Fuck you. There are assholes and psychos in every walk of life. They are not the main issue here. Keep your eyes on the prize. The cops can worry about Jerry but we should be worried about these fucking tiger cages!
When we first see Stallone as Jerry it’s just like when we first see John Rambo: walking along a country road with a bag over his shoulder. The giant, goofy hat he’s wearing makes a big difference, though. I always thought it was weird in FIRST BLOOD that he’s assumed to be a hippie when he walks into town. His hair’s not that long or anything. But in 1970 it made sense. Here he is on the actual tail end of that era, when the ’60s attitude was still in full effect, not just leftovers. The opening and occasionally other parts of the movie splice in real footage of student protests, the March on Washington, Country Joe McDonald and Joan Baez singing.
(The hitchhiking scenes also reminds me of THE TEXAS CHAIN SAW MASSACRE. And the radio voices in this sound alot like the one at the beginning of that movie. I looked it up though and it’s not the same guy.)
This 24 year old Sly is the introverted Sly. Quiet, pouty, droopy eyes. Kind of seems like a lunkhead, kind of like a dopey male model. Stiff but with a slight hint of the deceptively thoughtful dude later nominated for an Oscar. But I don’t think it would’ve been easy to see this and guess that he’d be a star.

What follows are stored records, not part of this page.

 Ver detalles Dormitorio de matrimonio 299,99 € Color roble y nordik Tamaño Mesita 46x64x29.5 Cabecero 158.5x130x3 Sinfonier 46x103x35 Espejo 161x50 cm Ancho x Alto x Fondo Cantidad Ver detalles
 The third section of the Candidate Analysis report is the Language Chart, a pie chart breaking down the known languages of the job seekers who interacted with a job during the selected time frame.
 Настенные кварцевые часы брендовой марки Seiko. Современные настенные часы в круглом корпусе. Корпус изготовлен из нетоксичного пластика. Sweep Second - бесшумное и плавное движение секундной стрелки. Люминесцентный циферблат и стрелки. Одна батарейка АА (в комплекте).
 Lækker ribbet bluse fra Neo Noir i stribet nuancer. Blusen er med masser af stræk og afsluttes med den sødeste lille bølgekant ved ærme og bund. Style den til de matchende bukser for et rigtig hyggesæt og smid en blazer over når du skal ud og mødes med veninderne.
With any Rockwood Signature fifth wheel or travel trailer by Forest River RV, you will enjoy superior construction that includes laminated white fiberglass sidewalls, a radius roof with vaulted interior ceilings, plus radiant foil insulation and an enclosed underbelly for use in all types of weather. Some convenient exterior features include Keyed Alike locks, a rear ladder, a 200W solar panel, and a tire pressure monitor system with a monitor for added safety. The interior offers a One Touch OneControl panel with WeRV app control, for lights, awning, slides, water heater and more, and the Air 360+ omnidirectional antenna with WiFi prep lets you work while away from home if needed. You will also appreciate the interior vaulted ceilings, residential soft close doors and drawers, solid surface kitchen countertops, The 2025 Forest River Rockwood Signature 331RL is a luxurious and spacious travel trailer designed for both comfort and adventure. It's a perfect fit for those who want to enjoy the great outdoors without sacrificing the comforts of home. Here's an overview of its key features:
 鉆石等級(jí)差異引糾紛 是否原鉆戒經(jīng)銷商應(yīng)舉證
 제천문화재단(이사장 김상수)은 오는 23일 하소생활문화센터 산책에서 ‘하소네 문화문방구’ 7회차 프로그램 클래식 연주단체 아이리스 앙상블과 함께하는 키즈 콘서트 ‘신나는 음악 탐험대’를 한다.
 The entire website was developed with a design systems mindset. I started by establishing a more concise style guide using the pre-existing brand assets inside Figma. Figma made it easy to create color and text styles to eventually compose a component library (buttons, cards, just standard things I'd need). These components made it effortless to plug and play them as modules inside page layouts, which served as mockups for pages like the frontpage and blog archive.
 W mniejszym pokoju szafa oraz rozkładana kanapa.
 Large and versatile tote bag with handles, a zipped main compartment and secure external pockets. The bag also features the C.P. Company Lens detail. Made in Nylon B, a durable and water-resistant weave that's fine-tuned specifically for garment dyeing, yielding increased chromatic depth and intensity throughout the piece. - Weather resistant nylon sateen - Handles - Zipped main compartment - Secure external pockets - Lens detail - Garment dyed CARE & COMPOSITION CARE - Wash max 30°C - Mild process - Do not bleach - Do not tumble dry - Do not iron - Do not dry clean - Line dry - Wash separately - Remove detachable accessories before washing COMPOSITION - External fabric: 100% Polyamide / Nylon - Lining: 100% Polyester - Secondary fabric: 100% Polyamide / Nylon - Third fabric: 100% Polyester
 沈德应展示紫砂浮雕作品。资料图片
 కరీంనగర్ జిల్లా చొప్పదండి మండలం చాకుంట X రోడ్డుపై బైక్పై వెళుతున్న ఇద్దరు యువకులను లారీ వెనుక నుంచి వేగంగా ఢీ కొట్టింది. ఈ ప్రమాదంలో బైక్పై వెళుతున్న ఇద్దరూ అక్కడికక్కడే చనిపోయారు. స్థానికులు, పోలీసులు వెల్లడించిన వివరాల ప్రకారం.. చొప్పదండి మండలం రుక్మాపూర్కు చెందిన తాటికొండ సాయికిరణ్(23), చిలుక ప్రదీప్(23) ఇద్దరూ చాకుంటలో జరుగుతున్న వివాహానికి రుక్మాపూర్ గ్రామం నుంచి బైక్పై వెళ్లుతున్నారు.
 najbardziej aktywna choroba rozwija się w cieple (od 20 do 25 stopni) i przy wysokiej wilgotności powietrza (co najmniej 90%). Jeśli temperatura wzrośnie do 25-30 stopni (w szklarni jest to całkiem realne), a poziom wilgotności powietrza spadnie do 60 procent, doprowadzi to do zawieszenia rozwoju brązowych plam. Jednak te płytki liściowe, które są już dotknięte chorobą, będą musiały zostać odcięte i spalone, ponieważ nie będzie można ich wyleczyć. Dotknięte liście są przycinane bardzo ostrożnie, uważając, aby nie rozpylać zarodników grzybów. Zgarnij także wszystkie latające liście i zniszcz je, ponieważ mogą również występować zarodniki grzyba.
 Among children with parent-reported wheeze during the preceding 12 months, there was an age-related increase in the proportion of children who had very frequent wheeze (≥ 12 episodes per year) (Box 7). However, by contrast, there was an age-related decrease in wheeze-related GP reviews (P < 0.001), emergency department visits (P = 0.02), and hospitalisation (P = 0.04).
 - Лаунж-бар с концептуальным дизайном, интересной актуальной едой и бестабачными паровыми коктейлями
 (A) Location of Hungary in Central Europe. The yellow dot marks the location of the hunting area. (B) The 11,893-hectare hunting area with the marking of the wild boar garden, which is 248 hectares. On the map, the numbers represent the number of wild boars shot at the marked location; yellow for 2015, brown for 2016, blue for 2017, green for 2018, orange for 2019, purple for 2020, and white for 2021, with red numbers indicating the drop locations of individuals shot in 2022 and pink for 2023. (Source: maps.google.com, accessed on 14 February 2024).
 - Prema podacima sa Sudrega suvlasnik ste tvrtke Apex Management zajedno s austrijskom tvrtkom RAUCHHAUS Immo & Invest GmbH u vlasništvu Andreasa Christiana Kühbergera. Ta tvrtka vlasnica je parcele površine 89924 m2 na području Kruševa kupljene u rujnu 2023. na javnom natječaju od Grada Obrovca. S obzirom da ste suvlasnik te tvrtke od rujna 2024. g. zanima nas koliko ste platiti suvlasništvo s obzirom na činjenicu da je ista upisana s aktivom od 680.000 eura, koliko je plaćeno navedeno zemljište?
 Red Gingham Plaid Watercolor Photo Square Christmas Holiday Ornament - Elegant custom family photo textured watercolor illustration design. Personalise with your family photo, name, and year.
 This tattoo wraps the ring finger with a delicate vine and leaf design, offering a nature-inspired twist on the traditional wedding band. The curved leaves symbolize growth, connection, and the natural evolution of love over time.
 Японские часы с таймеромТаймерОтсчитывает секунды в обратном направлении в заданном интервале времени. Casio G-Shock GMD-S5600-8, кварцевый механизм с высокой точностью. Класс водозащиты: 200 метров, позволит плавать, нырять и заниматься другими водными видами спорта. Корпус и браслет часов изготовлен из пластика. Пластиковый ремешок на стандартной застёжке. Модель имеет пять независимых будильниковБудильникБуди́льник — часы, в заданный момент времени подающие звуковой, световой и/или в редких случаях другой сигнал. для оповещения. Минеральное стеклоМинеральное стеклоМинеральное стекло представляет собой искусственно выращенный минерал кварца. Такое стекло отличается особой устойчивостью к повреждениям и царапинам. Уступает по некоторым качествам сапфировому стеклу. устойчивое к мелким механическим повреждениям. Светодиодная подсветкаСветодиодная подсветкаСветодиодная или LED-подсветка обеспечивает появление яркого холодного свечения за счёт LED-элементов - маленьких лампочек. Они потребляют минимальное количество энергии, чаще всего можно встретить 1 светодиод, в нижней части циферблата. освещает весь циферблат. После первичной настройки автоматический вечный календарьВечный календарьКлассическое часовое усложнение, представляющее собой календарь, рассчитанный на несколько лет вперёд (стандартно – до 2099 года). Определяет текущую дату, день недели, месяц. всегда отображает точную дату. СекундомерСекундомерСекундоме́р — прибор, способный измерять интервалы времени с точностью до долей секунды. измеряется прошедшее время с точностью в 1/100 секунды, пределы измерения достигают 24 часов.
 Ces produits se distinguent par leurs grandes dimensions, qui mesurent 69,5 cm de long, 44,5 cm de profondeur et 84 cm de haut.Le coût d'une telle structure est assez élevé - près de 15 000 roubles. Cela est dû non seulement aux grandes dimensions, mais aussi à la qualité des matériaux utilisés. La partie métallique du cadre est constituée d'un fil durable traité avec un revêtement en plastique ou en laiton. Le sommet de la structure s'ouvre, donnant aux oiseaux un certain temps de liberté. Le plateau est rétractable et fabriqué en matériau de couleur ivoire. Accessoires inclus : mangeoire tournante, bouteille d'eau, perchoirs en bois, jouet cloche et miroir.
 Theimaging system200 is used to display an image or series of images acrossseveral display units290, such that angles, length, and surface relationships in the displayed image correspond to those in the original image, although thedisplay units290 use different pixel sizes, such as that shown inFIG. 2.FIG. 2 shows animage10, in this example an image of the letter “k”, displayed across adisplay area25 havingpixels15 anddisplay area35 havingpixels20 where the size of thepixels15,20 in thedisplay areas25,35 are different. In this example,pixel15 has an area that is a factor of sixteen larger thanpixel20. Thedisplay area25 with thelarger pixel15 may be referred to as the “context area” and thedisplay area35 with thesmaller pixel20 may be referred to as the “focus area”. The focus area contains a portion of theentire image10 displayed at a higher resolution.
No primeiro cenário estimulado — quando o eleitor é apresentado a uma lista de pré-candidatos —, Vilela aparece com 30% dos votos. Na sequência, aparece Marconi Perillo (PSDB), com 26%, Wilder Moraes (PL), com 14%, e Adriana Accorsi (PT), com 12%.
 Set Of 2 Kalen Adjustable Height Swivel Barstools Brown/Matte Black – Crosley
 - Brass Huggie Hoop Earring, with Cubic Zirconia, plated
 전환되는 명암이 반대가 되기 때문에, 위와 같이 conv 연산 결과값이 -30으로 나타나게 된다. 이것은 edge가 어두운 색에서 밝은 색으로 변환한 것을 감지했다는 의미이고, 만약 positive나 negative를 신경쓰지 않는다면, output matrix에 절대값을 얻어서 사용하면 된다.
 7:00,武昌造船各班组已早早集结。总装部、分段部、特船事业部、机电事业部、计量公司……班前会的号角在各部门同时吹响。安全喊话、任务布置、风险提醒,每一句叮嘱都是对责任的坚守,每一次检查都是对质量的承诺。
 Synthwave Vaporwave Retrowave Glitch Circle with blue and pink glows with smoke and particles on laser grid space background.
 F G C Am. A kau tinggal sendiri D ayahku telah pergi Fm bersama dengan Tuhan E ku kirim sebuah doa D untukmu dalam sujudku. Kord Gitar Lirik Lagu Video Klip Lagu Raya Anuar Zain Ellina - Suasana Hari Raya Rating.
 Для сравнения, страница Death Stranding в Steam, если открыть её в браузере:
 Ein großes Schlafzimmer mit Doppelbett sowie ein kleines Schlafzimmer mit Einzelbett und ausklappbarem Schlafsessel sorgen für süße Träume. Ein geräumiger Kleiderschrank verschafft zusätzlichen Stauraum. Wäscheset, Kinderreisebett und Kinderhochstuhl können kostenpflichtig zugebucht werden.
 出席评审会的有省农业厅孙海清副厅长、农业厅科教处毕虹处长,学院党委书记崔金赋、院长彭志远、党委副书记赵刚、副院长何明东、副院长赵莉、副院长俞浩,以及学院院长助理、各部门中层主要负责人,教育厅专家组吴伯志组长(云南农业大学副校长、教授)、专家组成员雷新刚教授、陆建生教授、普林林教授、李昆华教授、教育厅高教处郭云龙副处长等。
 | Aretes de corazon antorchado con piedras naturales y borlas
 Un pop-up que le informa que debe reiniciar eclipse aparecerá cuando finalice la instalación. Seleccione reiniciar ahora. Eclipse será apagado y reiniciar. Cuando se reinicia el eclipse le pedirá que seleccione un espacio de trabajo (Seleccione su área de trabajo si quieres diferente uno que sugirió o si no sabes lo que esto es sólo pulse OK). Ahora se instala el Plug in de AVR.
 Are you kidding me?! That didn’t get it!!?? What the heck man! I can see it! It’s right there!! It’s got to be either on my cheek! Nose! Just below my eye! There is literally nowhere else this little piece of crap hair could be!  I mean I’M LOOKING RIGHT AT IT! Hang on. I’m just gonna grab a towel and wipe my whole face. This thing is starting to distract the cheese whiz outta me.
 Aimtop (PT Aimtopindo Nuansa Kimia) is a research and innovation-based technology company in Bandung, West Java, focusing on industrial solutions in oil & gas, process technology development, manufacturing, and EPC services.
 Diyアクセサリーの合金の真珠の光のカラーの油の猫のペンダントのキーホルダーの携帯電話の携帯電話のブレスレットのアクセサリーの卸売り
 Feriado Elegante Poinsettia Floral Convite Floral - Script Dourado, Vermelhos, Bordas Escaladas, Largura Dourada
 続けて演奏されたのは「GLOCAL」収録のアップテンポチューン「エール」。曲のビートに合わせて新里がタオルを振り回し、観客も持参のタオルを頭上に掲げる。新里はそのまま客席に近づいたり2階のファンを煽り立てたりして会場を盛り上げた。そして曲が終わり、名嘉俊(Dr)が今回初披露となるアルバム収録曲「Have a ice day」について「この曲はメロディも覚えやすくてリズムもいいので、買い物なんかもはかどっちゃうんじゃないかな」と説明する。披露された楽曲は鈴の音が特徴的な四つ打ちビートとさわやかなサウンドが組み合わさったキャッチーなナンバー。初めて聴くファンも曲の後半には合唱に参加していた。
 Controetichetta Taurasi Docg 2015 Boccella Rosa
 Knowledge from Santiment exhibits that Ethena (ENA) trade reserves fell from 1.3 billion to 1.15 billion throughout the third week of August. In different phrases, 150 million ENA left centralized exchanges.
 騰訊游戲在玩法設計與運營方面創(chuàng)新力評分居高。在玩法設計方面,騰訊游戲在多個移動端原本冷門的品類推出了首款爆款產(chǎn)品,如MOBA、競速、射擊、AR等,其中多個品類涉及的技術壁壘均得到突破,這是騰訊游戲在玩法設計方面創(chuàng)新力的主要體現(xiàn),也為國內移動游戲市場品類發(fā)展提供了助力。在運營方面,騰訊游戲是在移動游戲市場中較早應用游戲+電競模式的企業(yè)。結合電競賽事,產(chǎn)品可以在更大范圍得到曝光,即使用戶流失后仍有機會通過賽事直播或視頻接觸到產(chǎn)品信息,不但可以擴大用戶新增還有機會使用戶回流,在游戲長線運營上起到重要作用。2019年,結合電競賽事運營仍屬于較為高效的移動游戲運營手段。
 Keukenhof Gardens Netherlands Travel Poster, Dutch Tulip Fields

Without his presence there’s no god damn way I woulda made it to the end of this thing. I gotta offer the usual poorly transferred, panned and scanned VHS disclaimer. I’m sure the real thing looked better projected, but note that cinematographer Marty Knopf only has a couple other credits, and one of them is BLOWDRY, a porn ripoff of SHAMPOO. Not that I’ve, uh, seen both of those to really compare. I have seen one of the two, I won’t say which one. But I don’t think they were looking for the greatest possible craftsmen to work on this one.
REBEL doesn’t have particularly good filmatism on display, and not a very involving story. I did get a kick out of some of the music (credited to one-timer Joseph Delacorte), because it’ll be this folksy guitar and then suddenly a girl runs from the cops and it switches to funky wah wahs and gurgling Moog basslines. Only 1970 and it’s already the seventies.
There’s one cheap moment that’s surprisingly effective: rather than using pyrotechnics, you just hear an explosion and the camera jerks a little bit, as if the ground shook. Then the next shot has a bunch of smoke in it. Somehow it works. But I can’t really say that for the movie as a whole.
August 13th, 2014 at 2:23 am
Glad to see Spike Lee’s message got through to at least one person.
Also, I’ve befriended a few male models. Every one of them is highly intelligent. Down with stereotypes.